Gruber assist perfetto: Vannacci ringrazia e vola
La Maestrina fuori tema, autogol Palmerini: il generale incassa consensi.
A volte, nel tentativo di mettere all’angolo un ospite, si finisce per costruirgli una passerella. È quello che è accaduto nella puntata di ieri sera di “Otto e mezzo”, dove Lilli Gruber e Lina Palmerini hanno provato a incalzare Roberto Vannacci sui temi che da mesi alimentano il suo consenso: immigrazione, famiglia, diritti degli omosessuali, identità nazionale.
Il risultato? Un mezzo regalo all’ex generale.
Le domande delle due giornaliste, spesso formulate con il tono delle maestrine che interrogano l’alunno indisciplinato, hanno consentito a Vannacci di giocare sul terreno che preferisce. Quando Gruber gli chiede se cosa accadrebbe “se scoprissimo che magari lei è gay”, lui risponde serafico che non accamperebbe alcun diritto particolare. Quando si parla della moglie romena e della fedeltà coniugale, replica con un asciutto “sì, sono fedele”. Scambi che, piaccia o no, lo mostrano tranquillo, sicuro e poco incline a perdere le staffe.
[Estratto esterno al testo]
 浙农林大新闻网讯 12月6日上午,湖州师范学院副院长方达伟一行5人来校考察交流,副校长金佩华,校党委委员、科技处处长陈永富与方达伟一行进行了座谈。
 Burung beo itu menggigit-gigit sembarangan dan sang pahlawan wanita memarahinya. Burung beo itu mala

Il problema per le intervistatrici è che quasi nessuno dei temi affrontati rappresenta un punto debole per Vannacci. Al contrario, sono argomenti sui quali una parte consistente dell’elettorato guarda con simpatia alle sue posizioni. Così, ogni tentativo di incalzarlo si è trasformato nell’occasione per ribadire il suo messaggio.
Sorprende soprattutto ciò che non è stato chiesto. Nessun vero affondo sui rapporti con la Russia, pochissimo sull’Europa, niente di sostanziale sull’economia o sulle ricette per il Paese. Questioni che avrebbero richiesto risposte più articolate e forse meno comode. Invece la discussione è rimasta impantanata nei soliti temi identitari, dove Vannacci si muove come in casa propria.
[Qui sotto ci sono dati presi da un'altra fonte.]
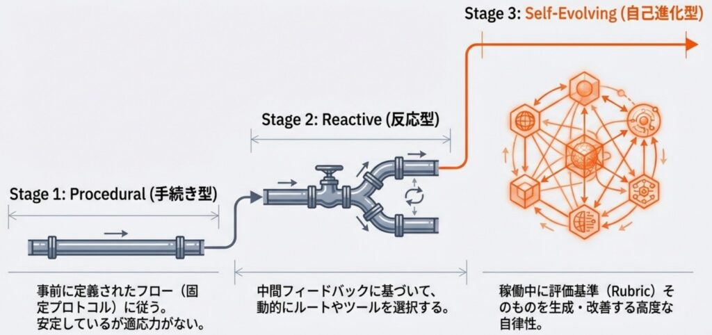エージェント型評価システムへの移行は、単一のモデルによる推論から、分散化された意思決定と実行ベースの検証へとアーキテクチャが根本から変化することを意味します。この進化の過程は自律性と適応性のレベルに応じて、様々な手法を以下の3段階の発展途上モデルとして整理できます。

A rendere la serata ancora più favorevole all’ex parà ci ha pensato Lina Palmerini. Nel tentativo di evidenziare le differenze tra Vannacci e il governo, la firma del Sole 24 Ore è finita per tessere un involontario elogio di Giorgia Meloni. Un autogol che non deve essere sfuggito agli spettatori: se l’obiettivo era isolare il generale, l’effetto è stato esattamente opposto.
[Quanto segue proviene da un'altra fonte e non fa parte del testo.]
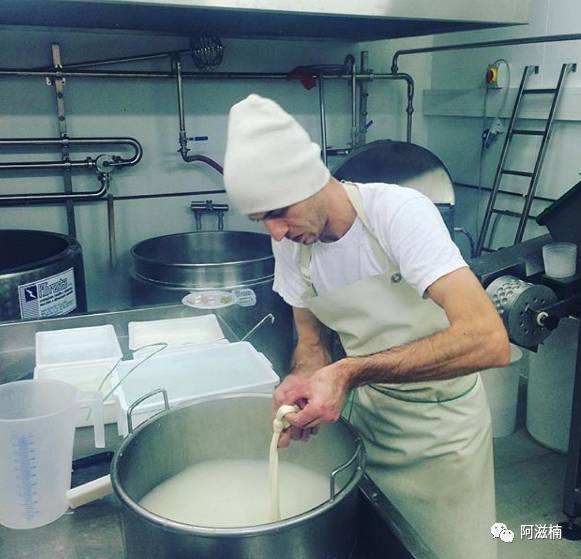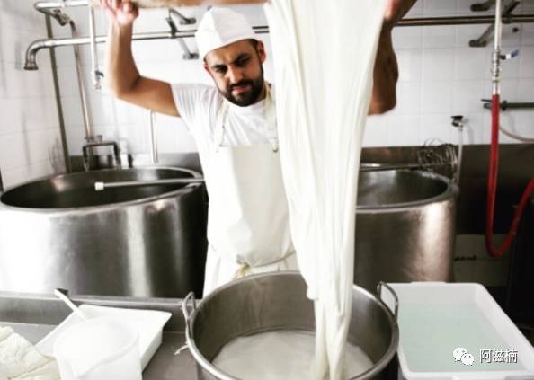 + Z) L% Q* R6 J- b# [帕尼亚地区的很多奶酪加工作坊都还在运作着,有幸去观看马苏里拉奶酪制作的全过程,并且现场也亲手尝试了一下,着实不易。要在热锅里不停的搅拌,甚至要把手伸进去,所以你得学会忍受80度的高温,不怕烫!

Alla fine della trasmissione, Vannacci non avrà convinto i suoi critici. Ma probabilmente avrà rafforzato l’impressione di molti sostenitori: quella di un uomo che entra in uno studio televisivo ostile e ne esce senza un graffio. Con avversari così, per lui la campagna elettorale rischia di essere una passeggiata.